- **Data to use**:
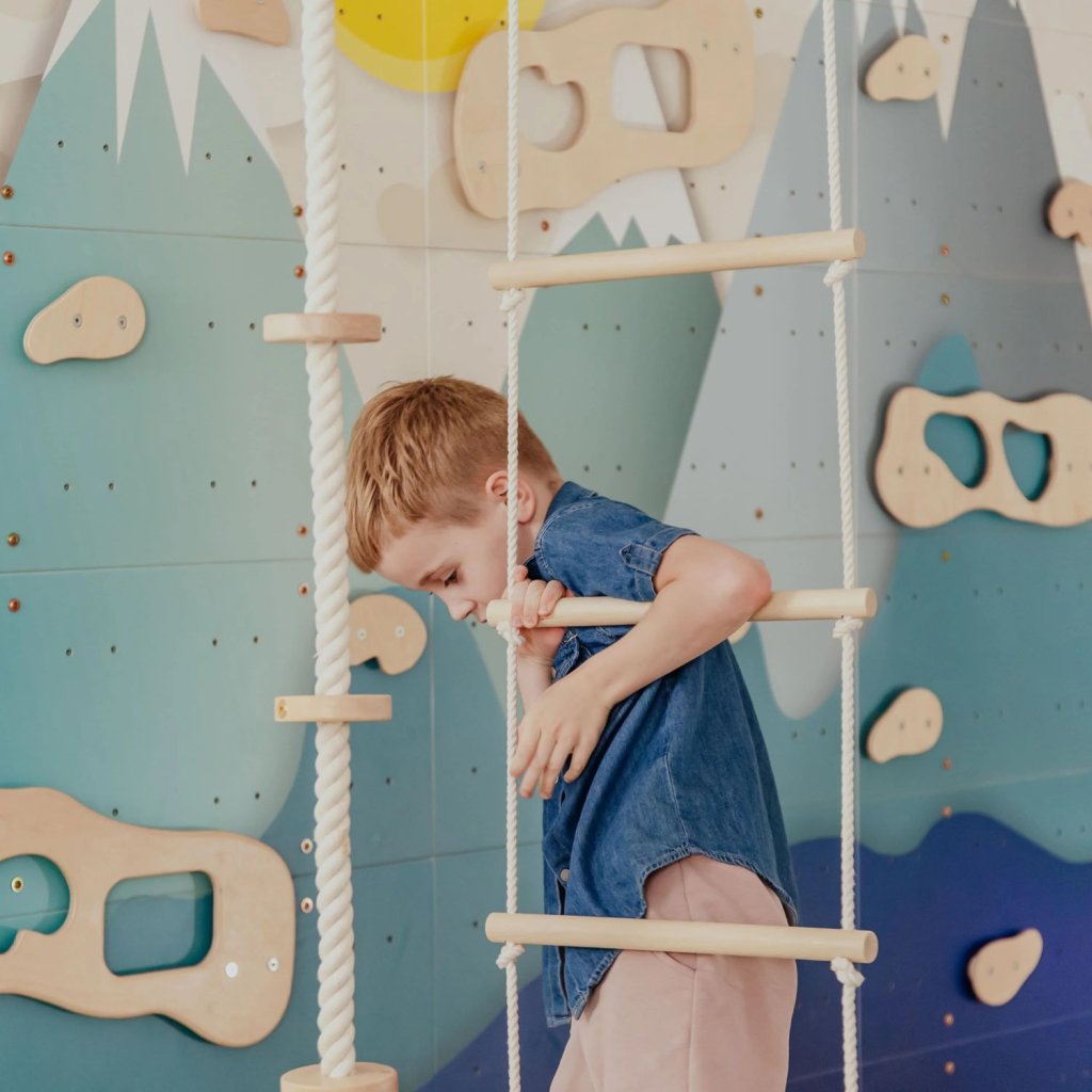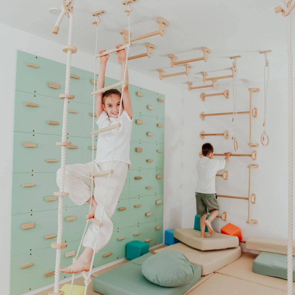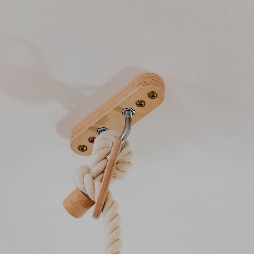 Závesné interiérové ??prvky, ktoré ponúkajú inšpiratívny spôsob, ako premeniť detskú izbu či herňu na aktívny a kreatívny priestor pre pohyb a objavovanie. Vytvorte deťom ich vlastný hrací priestor, kde budú radi tráviť čas a hlavne zdokonaľovať svoju fyzickú zdatnosť, flexibilitu, silu a môžu sa zlepšovať, kedykoľvek budú chcieť, pretože herné prvky majú doma a kedykoľvek v dosahu, kedy budú chcieť aktívnu zábavu. Závesné prvky sú z prírodného lana a sú vyrobené z bukového dreva, čo zaručuje konštrukčnú pevnosť aj esteticky prírodný vzhľad. Prirodzená farba dreva nezaťažuje dizajn interiéru a dobre ladí s modernými aj pokojnejšími priestormi. Montáž je jednoduchá a flexibilná - vďaka možnosti kombinovať niekoľko sád je možné vytvoriť väčšiu plochu či systém pre viac detí či variabilné hranie. Odporúčaný limit pre bežné použitie je 60 kg. Tým je zaistená bezpečnosť a dlhodobá spoľahlivosť pri každodennom hraní. So závesnými prvkami získavate vybavenie, ktoré podporuje rozvoj telesnej sily, koordinácie, rovnováhy i motorických zručností detí a zároveň sa stáva štýlovým prvkom každého priestoru. Podľa potrieb vašich detí môžete herný priestor rozšíriť podľa vašich možností a preferencií Vašich detí, všetky aktívne doplnky na vytvorenie herničky môžete vyberať v sekcii súvisiaci tovar. Sada obsahuje: 1x hojdací disk, 1x gymnastické kruhy, 1x 8 stupňový povrazový rebrík, 1x šplhacie lano s 8 šplhacími bodmi, 1x montážne sety na upevnenie do stropu súčasťou baleniaDodatočné parametre
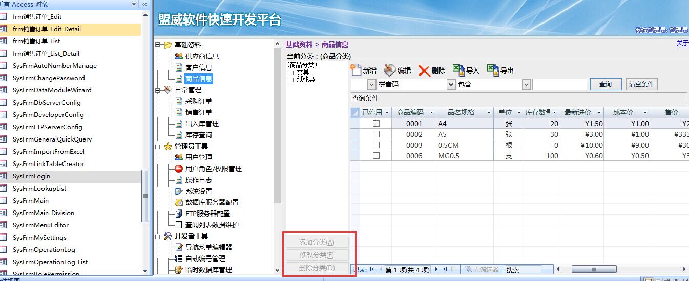 [5分]商品信息页面一打开:添加分类,修改分类,删除分类,按钮不能用?
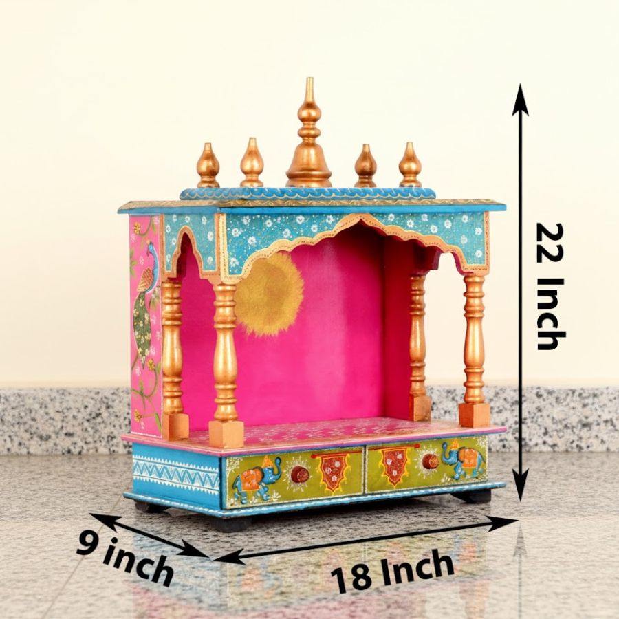Furnshine – Handcrafted Wooden Temple for Home | 18x9x22 Inch Rajasthani Hand-Painted Pooja Mandir with Drawers | Multicolor Finish
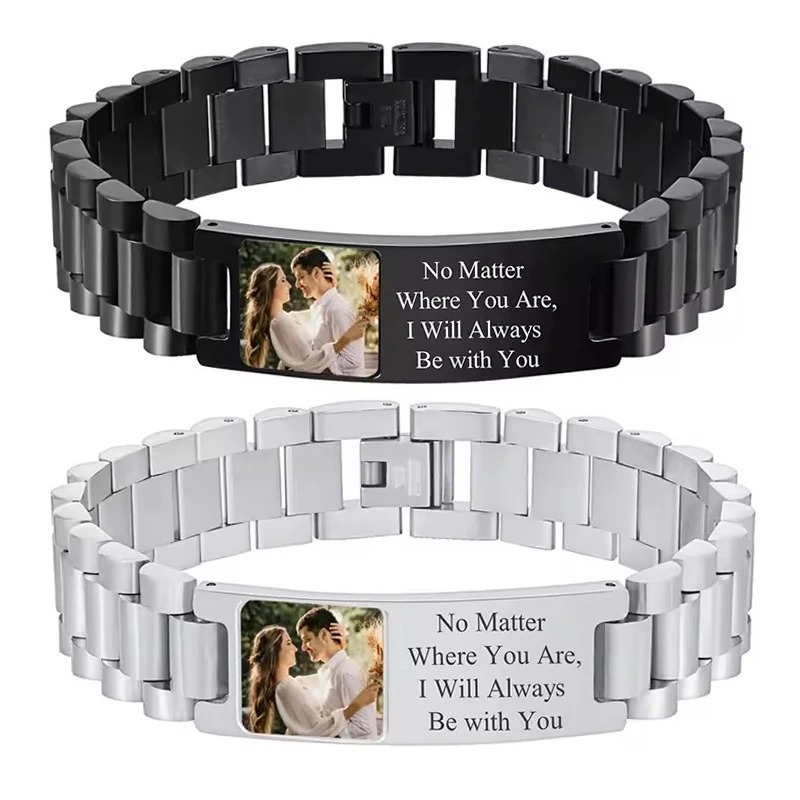 Produktinformationen "Edelstahlarmband mit Gravur – Personalisiert mit eigenem Foto & Wunschtext"
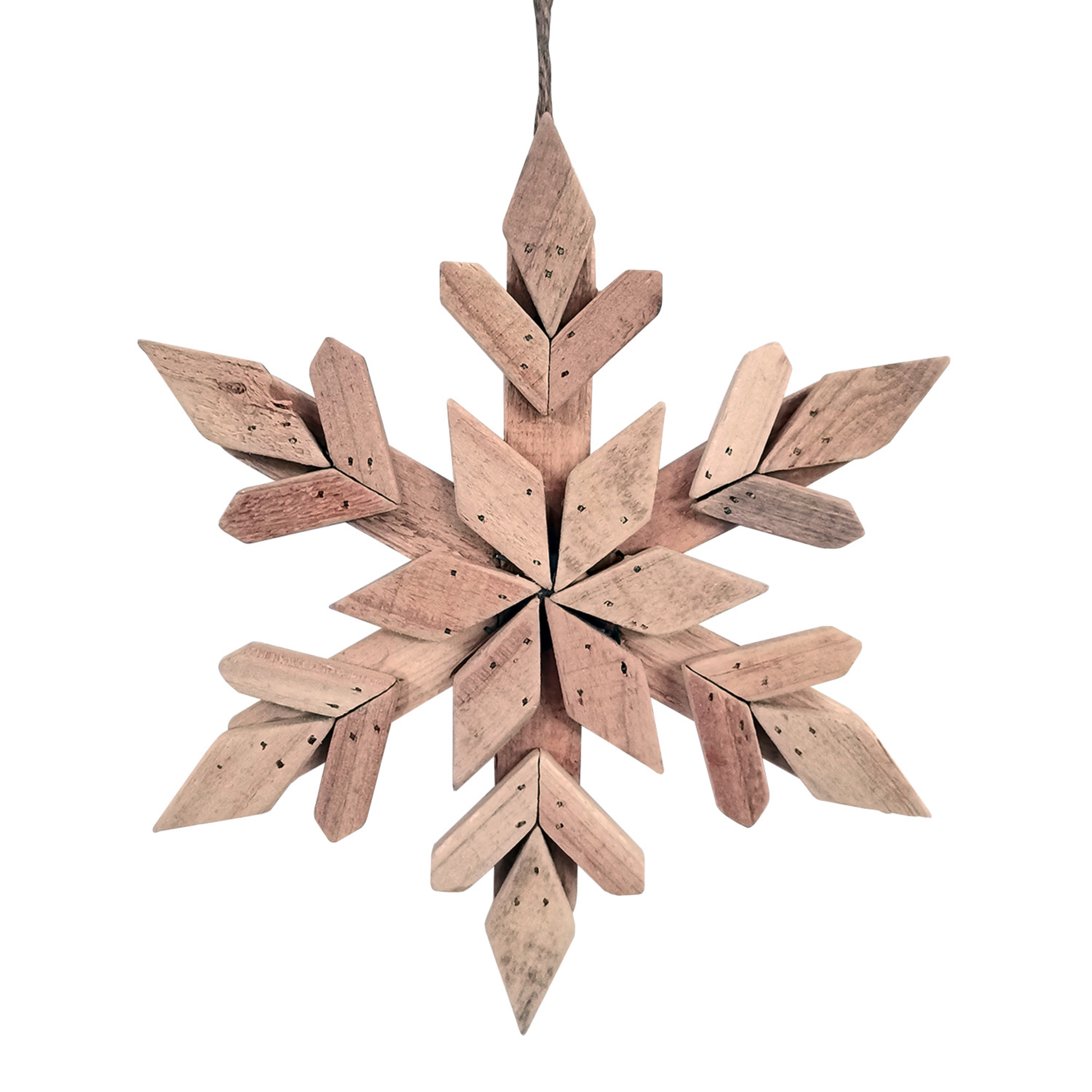 This 14" wooden snowflake ornament brings rustic charm and winter elegance to your holiday décor. Perfect for hanging on doors, walls, or oversized trees.
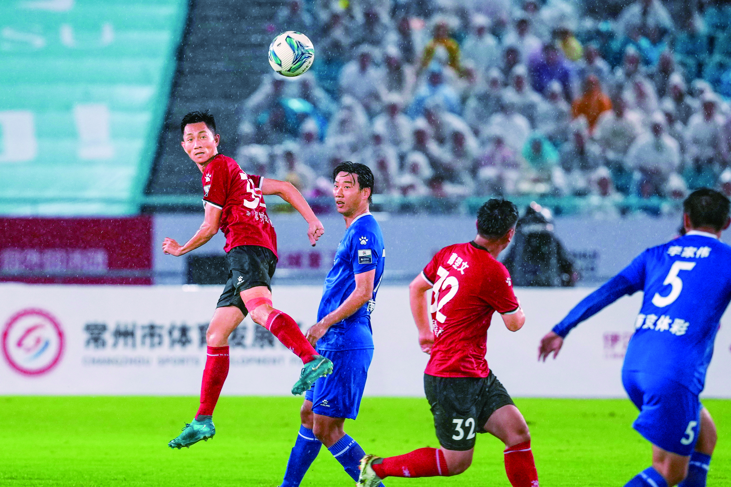 六月二十一日,常州队球员卢志勇(左一)在“苏超”第五轮对阵南京队的比赛中。最终,常州队主场不敌南京队。新华社记者李博摄
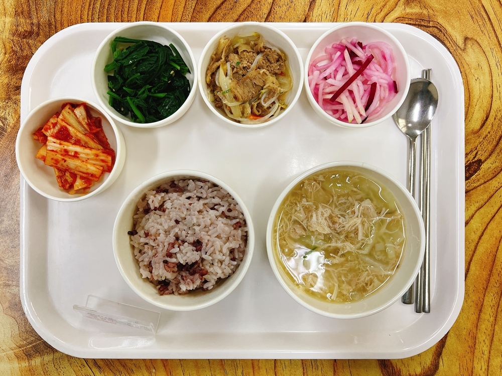 12월 01일 중식은 < 백미밥(죽/잡곡밥) / 닭곰탕 / 숙주차돌볶음 / 포항초나물무침 / 비트무채 / 김치 > 였습니다.
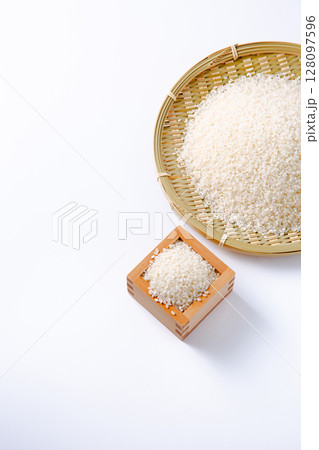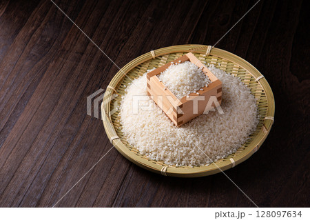 ザルと枡に入れたお米
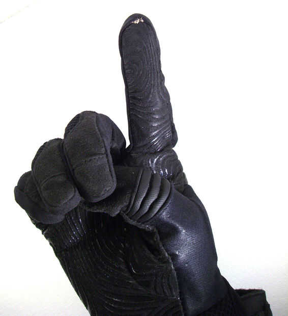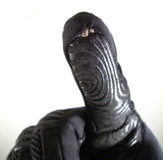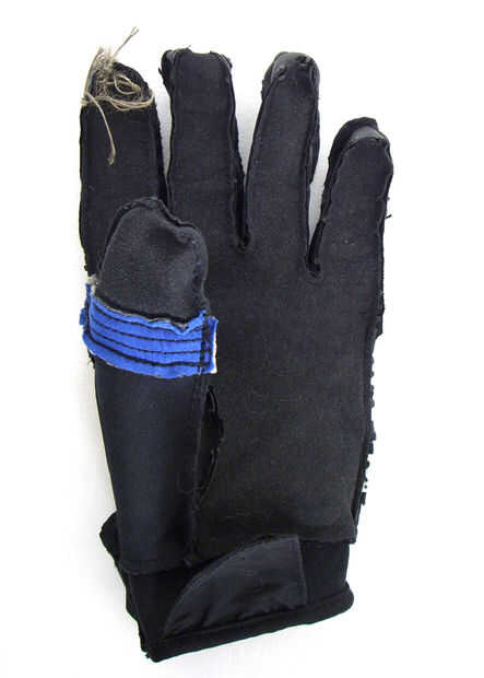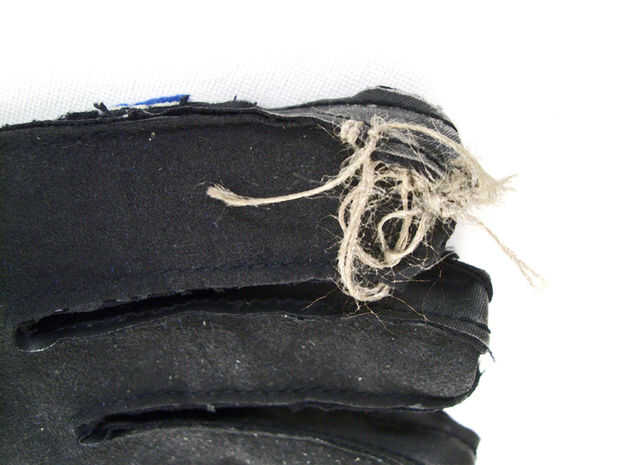Quiere asegurarse de que el hilo toque el dedo o la mano en el interior, así que deja algunos extra. Deja el hilo danging en sus nudos, etc.. Incluso podría Virar un poco a la guarnición del guante
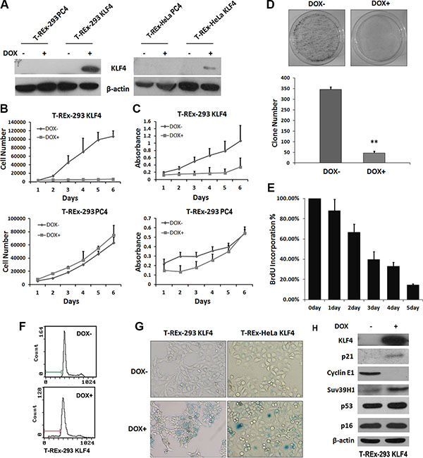 Figure 1: Overexpression of KLF4 induced cellular senescence in epithelial cells. (A) KLF4 expression in KLF4 inducible expression system. KLF4 inducible cell lines were treated with 2 μg/ml DOX for 24 hours, and KLF4 expression was detected by Western blotting. (B) Growth curves and (C) MTT assay of T-REx-293 KLF4 and T-REx-293 PC4 cells after DOX treatment for o to 6 days. Results represent means ± s.d (n = 3). (D) Colony formation assay of T-REx-293 KLF4 cells. Representative clone formation photos were presented and colony number was counted. Bars represent the mean ± SD (n = 3). **p < 0.01. (E) BrdU incorporation assay of T-REx-293 KLF4 cells. (F) Flow cytometry assay of T-REx-293 KLF4 cells with or without DOX for 72hrs. (G) Detection of senescence in KLF4 inducible cells. T-REx-293 KLF4 and T-REx-HeLa KLF4 cells were seeded into 6-well plates, three days after DOX treatment, cellular senescence was detected by SA-β-Gal staining assay. Bars represent the mean ± SD of three independent experiments. (H) Western blotting analysis of senescence related protein in T-REx-293 KLF4 cells with or without DOX treatment for 3 days.
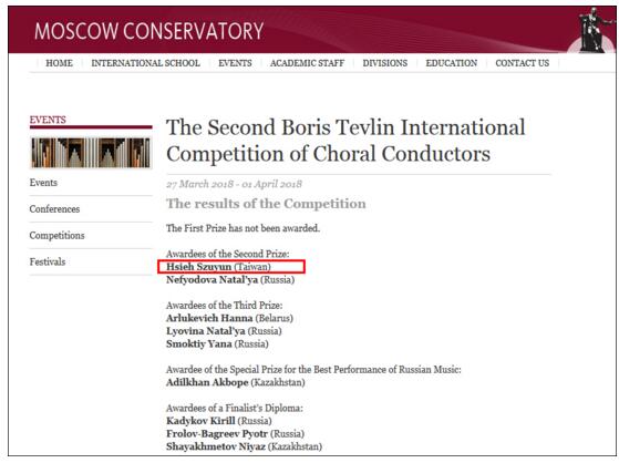 不过,莫斯科柴可夫斯基音乐学院网站在公布结果时依然将谢斯韵标注为“中国台湾”。

- **Instructions for the task**: The answer must be an exact restatement of all the records, with no pictures included.

- **Reply to the task**:
 Závesné interiérové ??prvky, ktoré ponúkajú inšpiratívny spôsob, ako premeniť detskú izbu či herňu na aktívny a kreatívny priestor pre pohyb a objavovanie. Vytvorte deťom ich vlastný hrací priestor, kde budú radi tráviť čas a hlavne zdokonaľovať svoju fyzickú zdatnosť, flexibilitu, silu a môžu sa zlepšovať, kedykoľvek budú chcieť, pretože herné prvky majú doma a kedykoľvek v dosahu, kedy budú chcieť aktívnu zábavu. Závesné prvky sú z prírodného lana a sú vyrobené z bukového dreva, čo zaručuje konštrukčnú pevnosť aj esteticky prírodný vzhľad. Prirodzená farba dreva nezaťažuje dizajn interiéru a dobre ladí s modernými aj pokojnejšími priestormi. Montáž je jednoduchá a flexibilná - vďaka možnosti kombinovať niekoľko sád je možné vytvoriť väčšiu plochu či systém pre viac detí či variabilné hranie. Odporúčaný limit pre bežné použitie je 60 kg. Tým je zaistená bezpečnosť a dlhodobá spoľahlivosť pri každodennom hraní. So závesnými prvkami získavate vybavenie, ktoré podporuje rozvoj telesnej sily, koordinácie, rovnováhy i motorických zručností detí a zároveň sa stáva štýlovým prvkom každého priestoru. Podľa potrieb vašich detí môžete herný priestor rozšíriť podľa vašich možností a preferencií Vašich detí, všetky aktívne doplnky na vytvorenie herničky môžete vyberať v sekcii súvisiaci tovar. Sada obsahuje: 1x hojdací disk, 1x gymnastické kruhy, 1x 8 stupňový povrazový rebrík, 1x šplhacie lano s 8 šplhacími bodmi, 1x montážne sety na upevnenie do stropu súčasťou baleniaDodatočné parametre
 [5分]商品信息页面一打开:添加分类,修改分类,删除分类,按钮不能用?
Furnshine – Handcrafted Wooden Temple for Home | 18x9x22 Inch Rajasthani Hand-Painted Pooja Mandir with Drawers | Multicolor Finish
 Produktinformationen "Edelstahlarmband mit Gravur – Personalisiert mit eigenem Foto & Wunschtext"
 This 14" wooden snowflake ornament brings rustic charm and winter elegance to your holiday décor. Perfect for hanging on doors, walls, or oversized trees.
 六月二十一日,常州队球员卢志勇(左一)在“苏超”第五轮对阵南京队的比赛中。最终,常州队主场不敌南京队。新华社记者李博摄
 12월 01일 중식은 < 백미밥(죽/잡곡밥) / 닭곰탕 / 숙주차돌볶음 / 포항초나물무침 / 비트무채 / 김치 > 였습니다.
 ザルと枡に入れたお米
Quiere asegurarse de que el hilo toque el dedo o la mano en el interior, así que deja algunos extra. Deja el hilo danging en sus nudos, etc.. Incluso podría Virar un poco a la guarnición del guante
 Figure 1: Overexpression of KLF4 induced cellular senescence in epithelial cells. (A) KLF4 expression in KLF4 inducible expression system. KLF4 inducible cell lines were treated with 2 μg/ml DOX for 24 hours, and KLF4 expression was detected by Western blotting. (B) Growth curves and (C) MTT assay of T-REx-293 KLF4 and T-REx-293 PC4 cells after DOX treatment for o to 6 days. Results represent means ± s.d (n = 3). (D) Colony formation assay of T-REx-293 KLF4 cells. Representative clone formation photos were presented and colony number was counted. Bars represent the mean ± SD (n = 3). **p < 0.01. (E) BrdU incorporation assay of T-REx-293 KLF4 cells. (F) Flow cytometry assay of T-REx-293 KLF4 cells with or without DOX for 72hrs. (G) Detection of senescence in KLF4 inducible cells. T-REx-293 KLF4 and T-REx-HeLa KLF4 cells were seeded into 6-well plates, three days after DOX treatment, cellular senescence was detected by SA-β-Gal staining assay. Bars represent the mean ± SD of three independent experiments. (H) Western blotting analysis of senescence related protein in T-REx-293 KLF4 cells with or without DOX treatment for 3 days.
 不过,莫斯科柴可夫斯基音乐学院网站在公布结果时依然将谢斯韵标注为“中国台湾”。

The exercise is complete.